Hartwell played only 13 games for the Falcons. As he struggled with injuries, Atlanta responded by putting Keith Brooking back in the middle and the club ended up cutting Hartwell last month.
Hartwell, who turns 29 next month, had a big year for the Ravens in 2002 when Ray Lewis played just five games. He logged 105 tackles and 39 assists the season after Baltimore took him in the fourth round out of Western Illinois during Lewis' last year in Baltimore.
"Marvin is one of his favorites," Harold Lewis said. "We were hoping that the Bengals would show interest after the 2004 season, but other teams showed more."
Lewis said the visit may not happen until later this week with Hartwell waiting for the birth of a child.
MYERS IN?: The Bengals could be nearing a deal with veteran defensive tackle Michael Myers. An AFC source said Thursday that Ian Scott 's visit to the Bengals has been canceled.
JohnsonPLUG FOR DOUG: Bengals quarterback Carson Palmer says he likes the way the club drafts ("best player, not by position"), but he doesn't think drafting a backup quarterback is the way to go.
"You might as well save those picks for a corner or for special teams," Palmer said. "There are always veterans available that have played."
Palmer also doesn't know "the deal" on why the club is still looking at veteran backups like Tim Rattay with Doug Johnson around.
"He's strong-armed, he's very accurate, he's very capable of running the offense," Palmer said.

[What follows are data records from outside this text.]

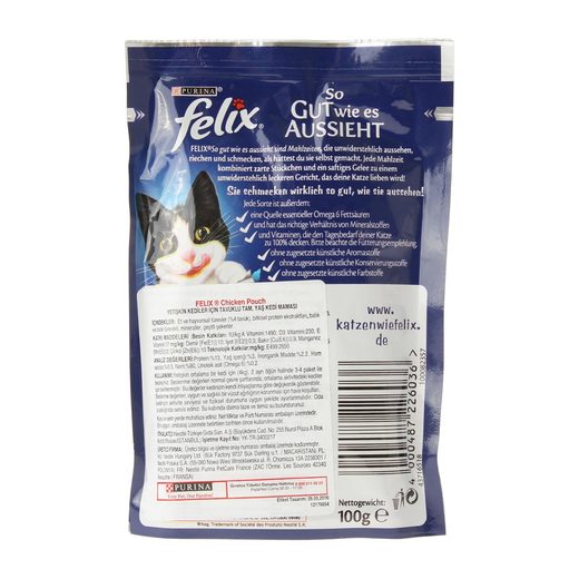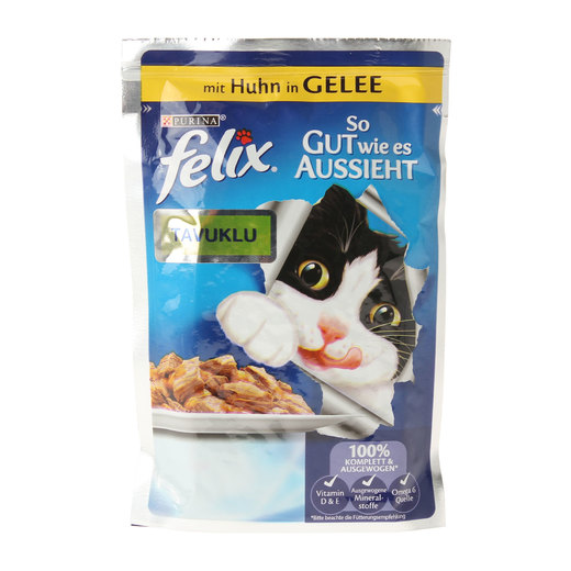 Felix, yetişkin kediler için tavuklu tam, yaş kedi maması.
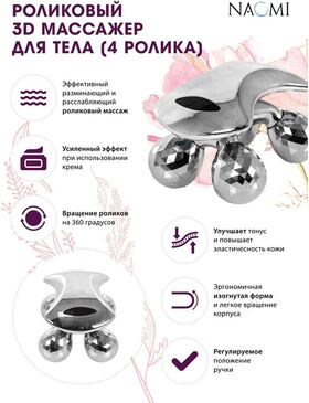Эффективный разминающий и расслабляющий роликовый массаж. 4 круглых ролика с 3D гранями для дополнительного массажного эффекта. Вращение роликов на 360°. Улучшает тонус и повышает эластичность кожи. Усиленный эффект при использовании крема.
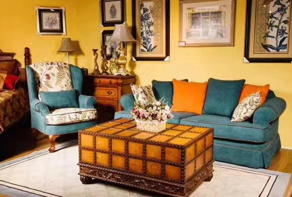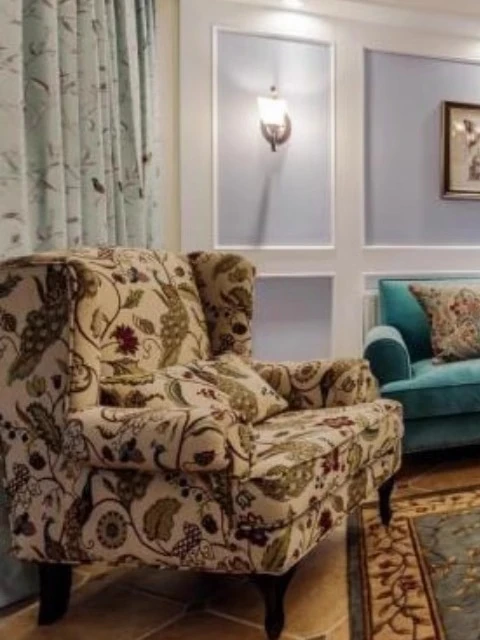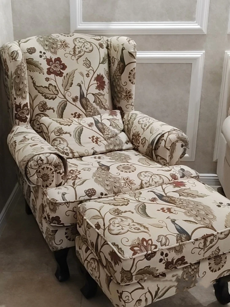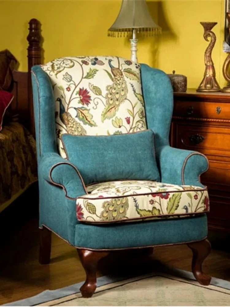 Vintage American Fabric Armchair - French Villa Style, High-Back Leisure Chair, Removable and Washable Upholstery, Perfect for Living Room, Elegant Tiger Chair Design
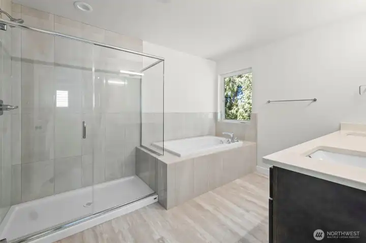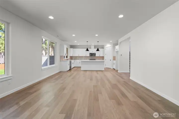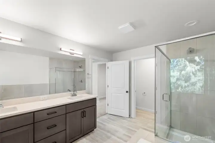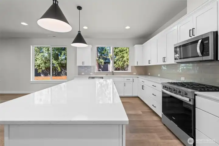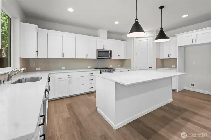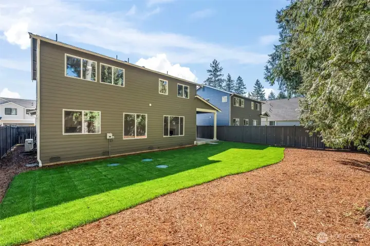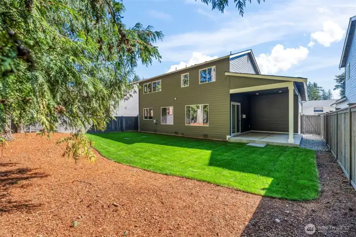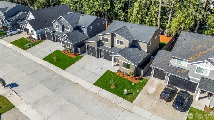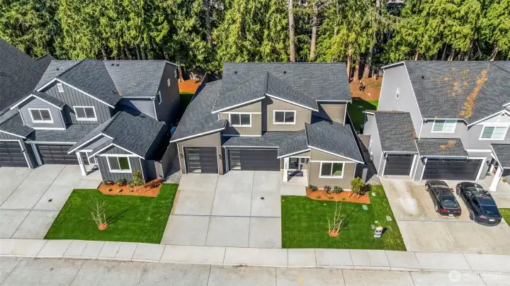 Mountain Glen, a Fabulous New Home Community in Puyallup. Final opportunity in this sought-after cul-de-sac community, ideally located near schools, shopping, dining & everyday conveniences. Move in just in time for summer and enjoy the perfect blend of comfort, style, and functionality. Designed with today’s lifestyle in mind, the open-concept main floor offers seamless indoor-outdoor living. The spacious great room w/ cozy gas FP flows effortlessly into the dining area and beautifully appointed kitchen—complete w/ quartz countertops, center island, tile backsplash, stainless steel appliances incl gas range, soft-close cabinetry, and a generous walk-in pantry. Step outside to your covered patio overlooking a fully fenced and professionally landscaped backyard—perfect for entertaining or relaxing all season long. Upstairs, retreat to the private primary suite featuring a walk-in closet, and convenient direct access to the laundry room. The spa-inspired 5-piece ensuite includes a glass and tile shower, soaking tub, and dual vanities. Additional highlights include designer-selected finishes, white millwork, wrought-iron railing, 8' interior doors on the main level and heatpump with A/C for year-round comfort. Rare 3-car garage includes a 10' high third bay door—ideal for larger vehicles, recreational gear, or extra storage. Builder included upgrades: mandoor in garage, upper/lower cabinets in laundry, coffered ceiling in primary & direct access to laundry room from Primary.
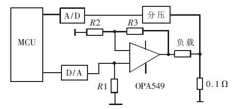 在该电源系统中, 主要为负载提供大电流, 采用PID 控制算法控制负载的发光强度。输入为单片机经DAC输出的控制电压, 一路为比例放大电路, 如图1 所示增益G=1+R3/R2.电流型DAC 通过R1 转换成电压, 控制OPA549 .输出电流经采样电阻转换为采样电压, 送入A/D 转换器反馈至单片机进行偏差值补偿。
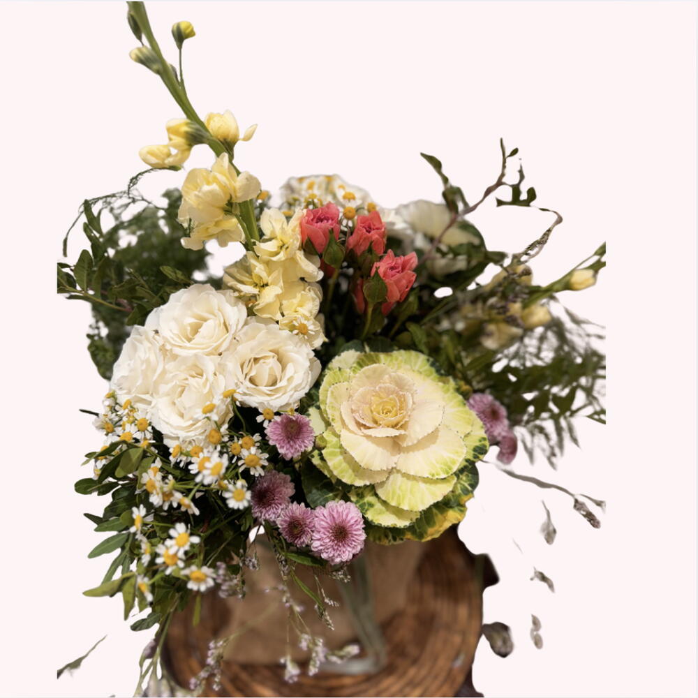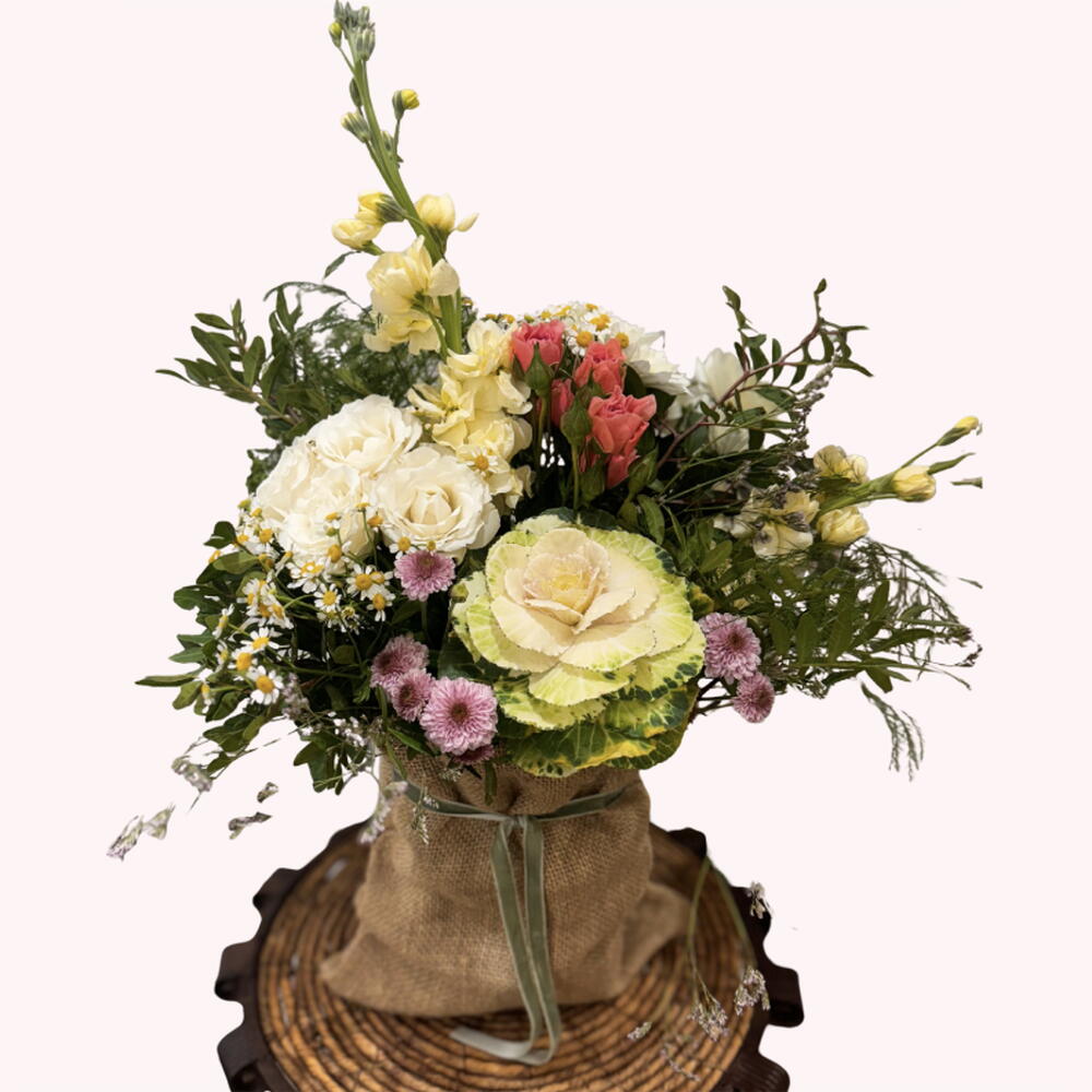 eucalipto - 1 ud. alhelí amarillo - 2 ud. manzanilla - 1 ud. ramaje salvaje - 1 ud. col ornamental - 1 ud. rosas blancas de jardin - 2 ud. crisantemos pequeños lilas - 2 ud.

Palmer is reiterating what he said back in January about the Bengals possibly drafting brother Jordan, a quarterback out of Texas-El Paso expected to go in the second day. He'd prefer he went elsewhere so he can play.
RatliffGOOD FIT: Cornerback Keiwan Ratliff, a close friend of Tory James and a man that will battle for his job, thinks James will be a good fit in New England as a nickel cornerback:
"Now he doesn't have to rely on playing so much man-to-man and in a zone he's an athletic 6-2 corner that can go out and make interceptions on third down. He won't have to worry about going out every down trying to win the game for a team and he can just go out and use his athletic abilities on third downs."